Iron Man said, "WATCH YOUR—" Capsule Abraham said, "SHUT the FUCK UP, TONY. I'M TIRED OF THIS. YOU KNOW WHAT, I HATE YOU!" And Creamy Arsenal stomped away. Thor laughed, "He is quite angry for such a puny weakling human, is he not?" Iron Man said, "Yep." Hawkeye said, "Wow." Thor said, "Why is he so angry? Did he eateth the biscuits of frowning for the morning meal?" And Thor laughed, ho ho ho! Hawkeye said, "What are you, Santa Claus?" Thor said, "No, I am Thor, ho ho ho!" Iron Man slapped Thor and said, "Don't call me a ho, fuckboii."

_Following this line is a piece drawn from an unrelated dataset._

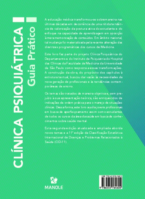 Este livro pode ser usado como apoio acadêmico a preceptores e professores do campo de saúde mental, seja na Medicina ou em outras formações. Esta nova edição foi atualizada e conta com novos capítulos, abordando temas como Covid-19, exames laboratoriais, marcadores genéticos, biomarcadores humorais, atendimento de populações minorizadas e psiquiatria do estilo de vida.
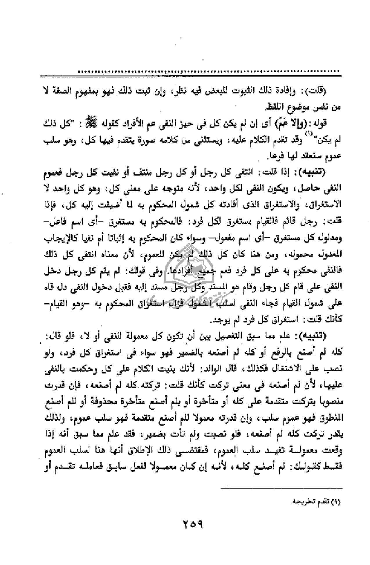 (تنبيه): إذا قلت: انتفى كل رجل أو كل رجل منتف أو نفيت كل رجل فعموم النفى حاصل، ويكون النفى لكل واحد، لأنه متوجه على معنى كل، وهو كل واحد لا الاستغراق، والاستغراق الذى أفادته كل شمول المحكوم به لما أضيفت إليه كل، فإذا قلت: رجل قائم فالقيام مستغرق لكل فرد، فالمحكوم به مستغرق - أى اسم فاعل - ومدلول كل مستغرق - أى اسم مفعول - وسواء كان المحكوم به إثباتا أم نفيا كالإيجاب المعدول محموله، ومن هنا كان كل ذلك لم يكن للعموم، لأن معناه انتفى كل ذلك فالنفى محكوم به على كل فرد فعم جميع أفرادها. وفى قولك: لم يقم كل رجل دخل النفى على قام كل رجل وقام هو المسند وكل رجل مسند إليه فقبل دخول النفى دل قام على شمول القيام فجاء النفى لسلب الشمول فزال استغراق المحكوم به - وهو القيام - كأنك قلت: استغراق كل فرد لم يوجد.

Thor said, "Ah ha, foul friend fiend, thou feeleth insulted, and yet, I hath not insulted thou yet!" Iron Man flippered off Thorn and Thor crossed his big meaty muscular arms. Thor said, "Thou be a fitta!" Iron Man said, "What?" But Thor said, "Jävla fitta helvete va!" Iron Man said, "Swedish? What a pussy language." Thor said, "Dummkopf! Arschloch!" Iron Man said, "Ooh, German, I'm so scared!" Thor said, "To Hel with thou!" And Thor ran away.
Hawkeye said, "So… Why is Thor naked?" Iron Man said, "Because he's stupid."